Our consensus network also found a conserved signaling cascade between JAK-STAT and SOCS. Much of the JAK-STAT signaling pathway is related to internal cellular signaling, therefore, having signaling molecules in place to provide negative feedback is critical to halt runaway responses. The suppressor of cytokine signaling (SOCS) proteins include approximately eight intracellular proteins (SOCS1-7, and CIS) and function as E3 ubiquitin ligases that mediate the degradation of proteins [63, 64]. SOCS proteins were initially coined as repressors of cytokine signaling and loss of function or disruption in signaling lead to chronic inflammation and unchecked cellular growth [65, 66]. Thus, it is of no surprise that JAK-STAT and SOCS developed a conserved interaction in our consensus network as fidelity in signaling is critical to regulated cytokine signaling.

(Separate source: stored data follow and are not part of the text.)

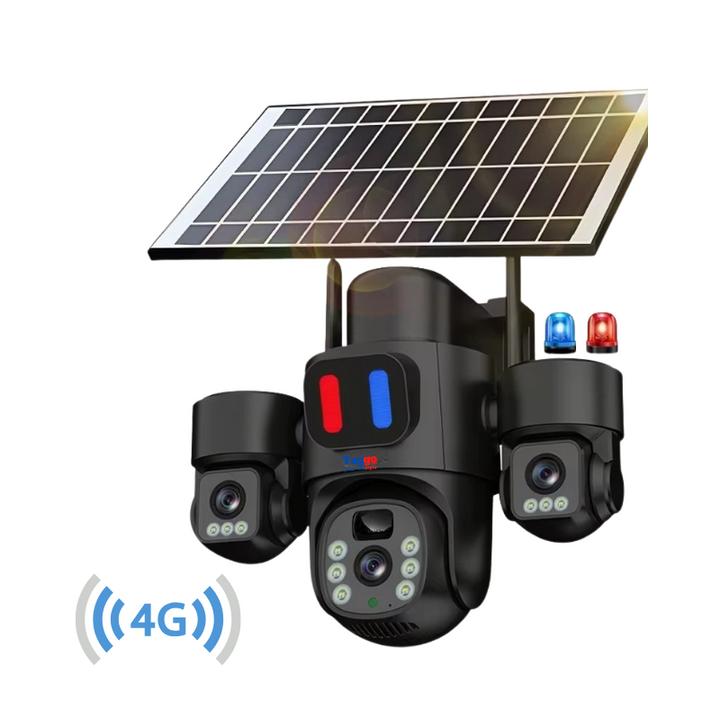 Protejeaza-ti locuinta, curtea sau afacerea cu Camera de Supraveghere 4G cu 3 lentile si panou solar. Cu rezolutie 12MP, viziune nocturna color, comunicare vocala bidirectionala si alimentare solara non-stop, aceasta camera iti ofera siguranta completa, fara cabluri si fara griji.
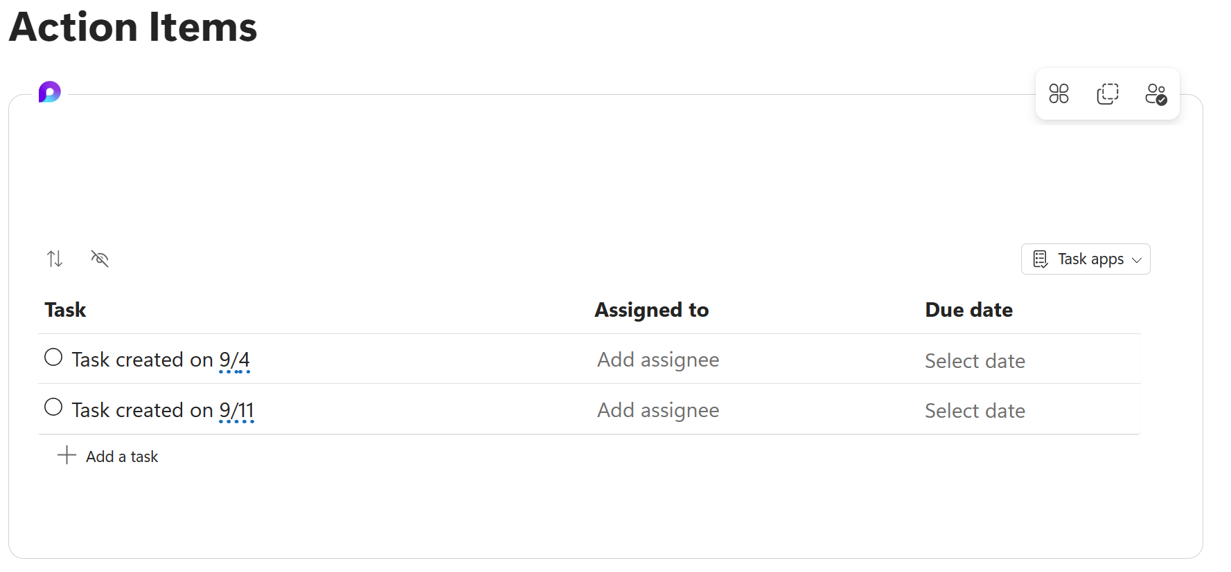 Unfortunately, I’ve yet to find a great workaround for this. I first tried nesting a Loop Component containing a Task List into the series’ Loop Component, but it looks like the Loop Components in Teams’ meeting notes don’t support nested Loop Components. At the time of writing, only a link was pasted instead of an expanded Loop Component:
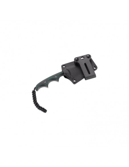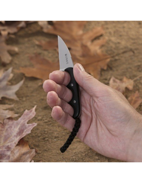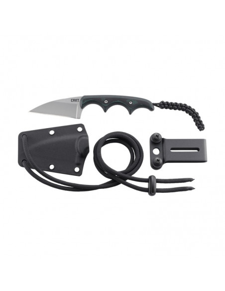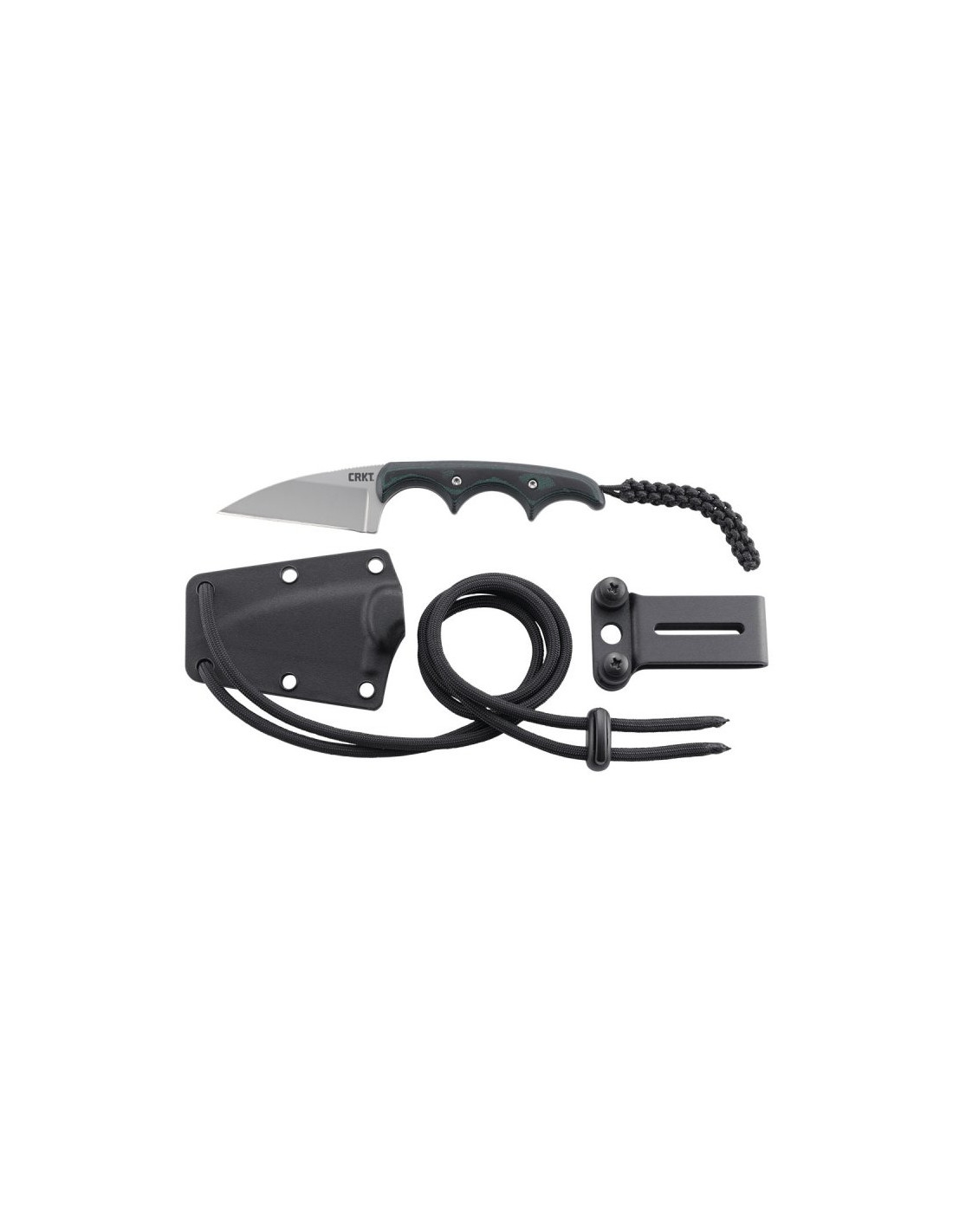 Oto bardzo mały i lekki nóż, który zapewnia zaskakujący komfort i kontrolę dzięki niezwykłej geometrii, konstrukcji full-tang, 2 calowej głowni typu Wharncliffe, zagłębieniom na palce, rękojeści z ręcznie kształtowanej Micarty.
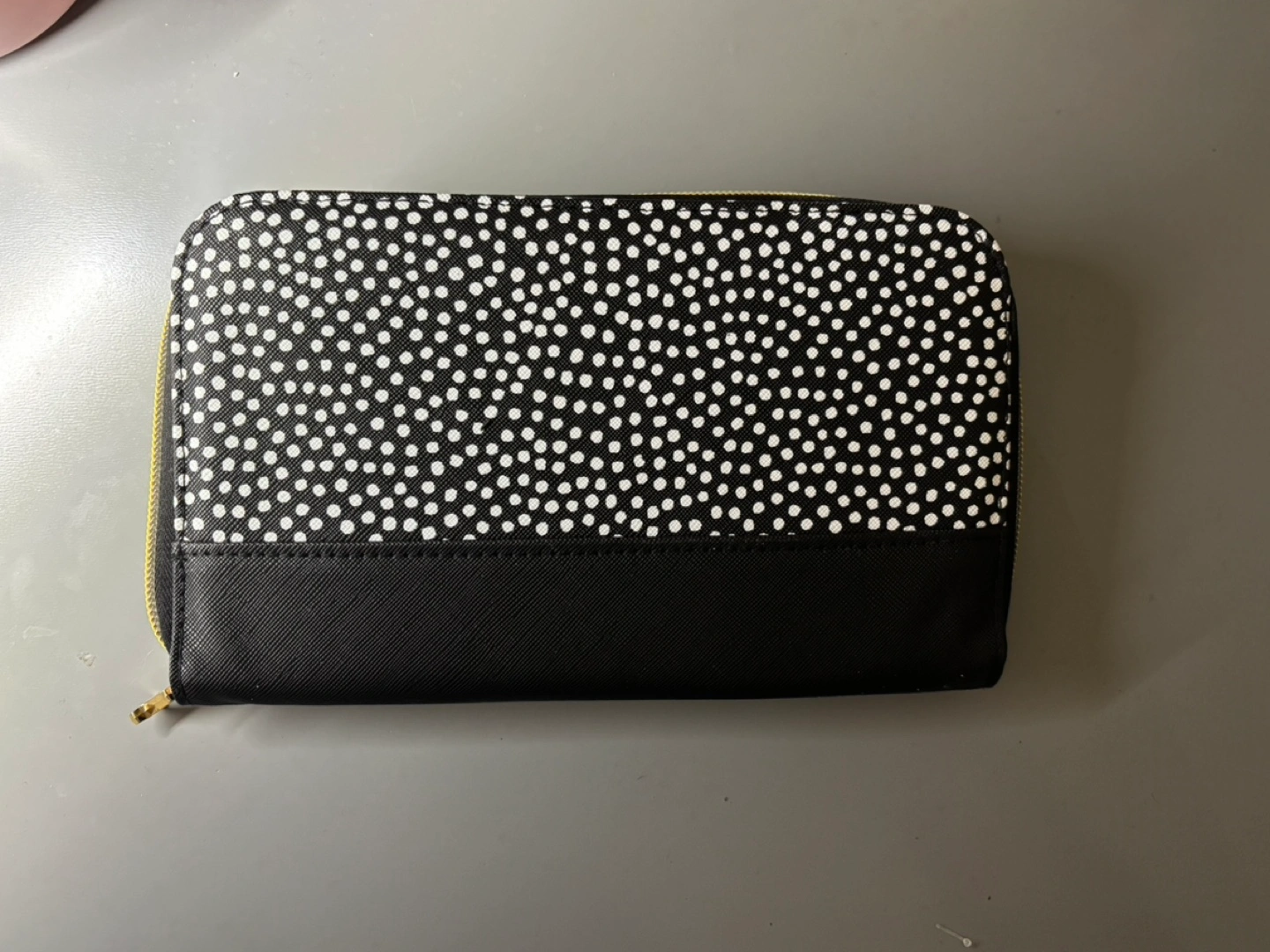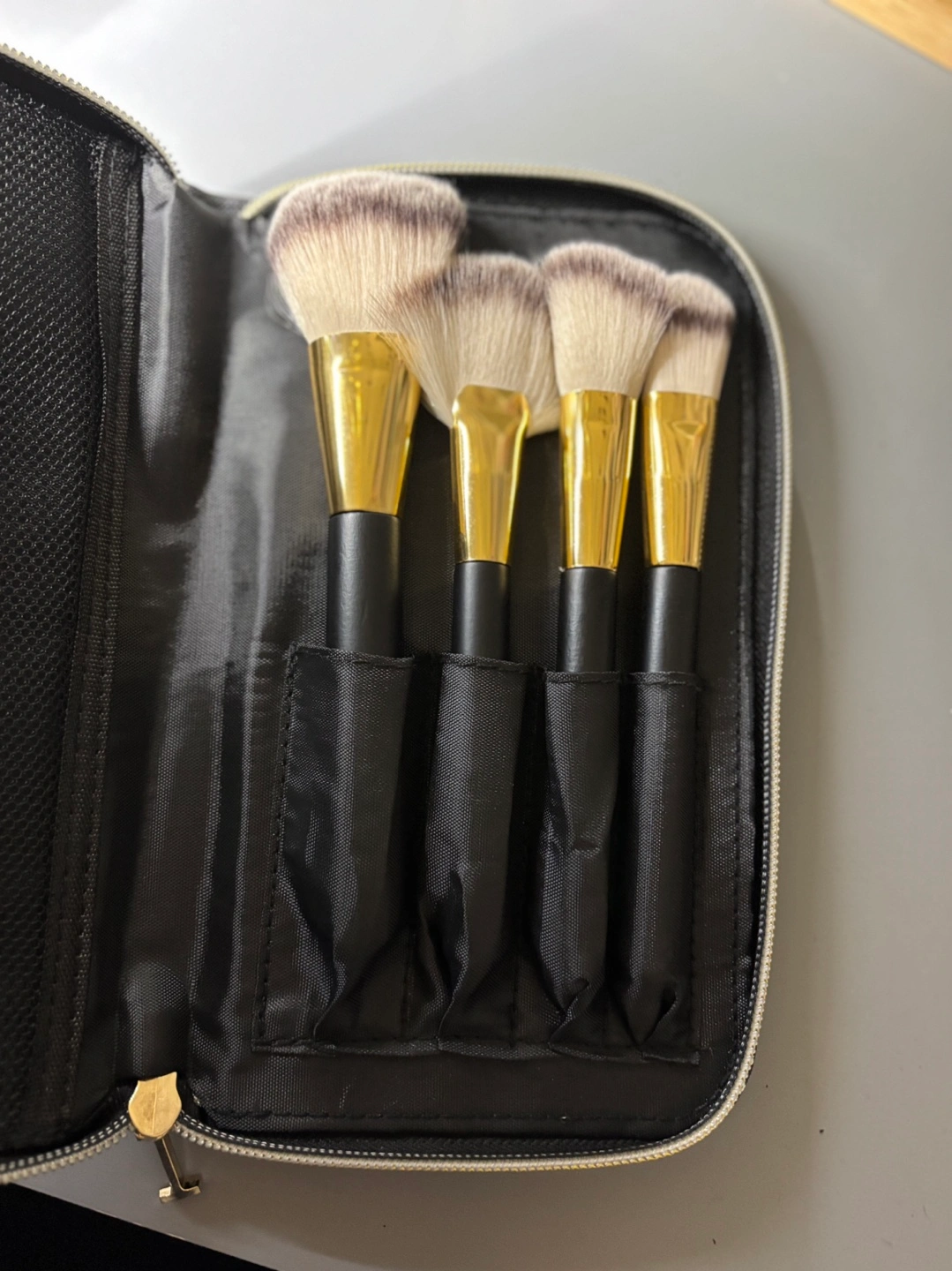 Makeup brush case with a polka dot design. Includes 4 makeup brushes. Has a zipper closure and an inner mesh pocket.
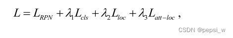 其中λ 1、λ 2和λ 3是控制损失函数的超参数,L RPN、L cls和L loc分别是RPN 、目标分类和目标定位的损失函数。L cls是 ( C +1) 个类别上的 softmax 交叉熵损失。将用来学习目标的边界框位置 ( x, y, w, h )的smothed L1 损失记作L loc。在L att -loc , sigmoid 交叉熵损失用于制作目标定位的注意力图以激活目标的整个区域。

A third conserved interaction is SHP1-SHP2-GRB-SOS. SHP1 and SHP2 play critical roles in cellular growth, differentiation and cellular chemotaxis, but have also been implicated in cancer, neurodegeneration, and metabolic disorders such as diabetes [67]. SHP1 and SHP2 are cytoplasmic protein tyrosine phosphatases that work in concert but also oppose cellular cascades, with SHP1 a negative transducer and SHP2 a positive signal transducer [68]. Of note, a reduction in SHP1 is observed in lymphomas and luekemias [69], whereas a reduction in SHP2 or knockout of SHP2 gene causes death mid gestation in mice [70], overall reduced STAT activation [71], and even leads to Noonan syndrome [72]. SHP2 activity is a well-known binder of GRB2 [73], and GRB2 binds to Son of Sevenless (SOS). This overall binding to a guanine nucleotide exchange factor is the mode by which reactivation of RAS is accomplished. This allows re-engagement of RAS, an oncogene, and RAF [74, 75]. Mutations in either RAS or RAF have been linked to several human cancers [76]. SOS helps to bind GTPases which are essentially molecular switches for cellular activity that hydrolyzes GTP to GDP plus phosphate that induces RAS activation and ultimately cellular proliferation and differentiation. Mutations in SOS can lead to hereditary gingival fibromatosis type 1 [53]. It is not surprising that some of the most talked about and well-known pathways have a very direct relationship and easily measurable tangibles as shown in these three examples. However, we also observed other interactions in our consensus network that can not be superimposed over the KEGG database pathway, which represent significant correlations within JAK-STAT.

Novel pathway interactions

One of the most significantly novel JAK-STAT network interactions was RAS-Bcl-2. These two cell signaling genes are involved in cell fate with the former modulating Bcl-2 activity and Bcl-2, involved in anti-apoptosis. Despite these two not being in a linear relationship within the JAK-STAT signaling cascade, previous functional relationships have been observed between Bcl-2 and members of the Ras superfamily [7779]. For example, though Bcl-2 can be a ruler of anti-apoptosis and thus cancer cell survival, cross-talk interactions between small GTPases which are pharmacologically inhibited actually reverted death phenotypes of Bcl-2 expressing cells, essentially modifying anti-apoptosis and thus providing an additional target for drug resistant cancers [78]. These poorly understood crosstalk interactions have only recently been identified [80] and our use of consensus networks has reaffirmed and also highlighted significant correlative protein interactions. Upstream of Bcl-2 and RAS is a negative repressor of JAK-STAT signaling, (SOCS), which works to halt runaway activation of JAK.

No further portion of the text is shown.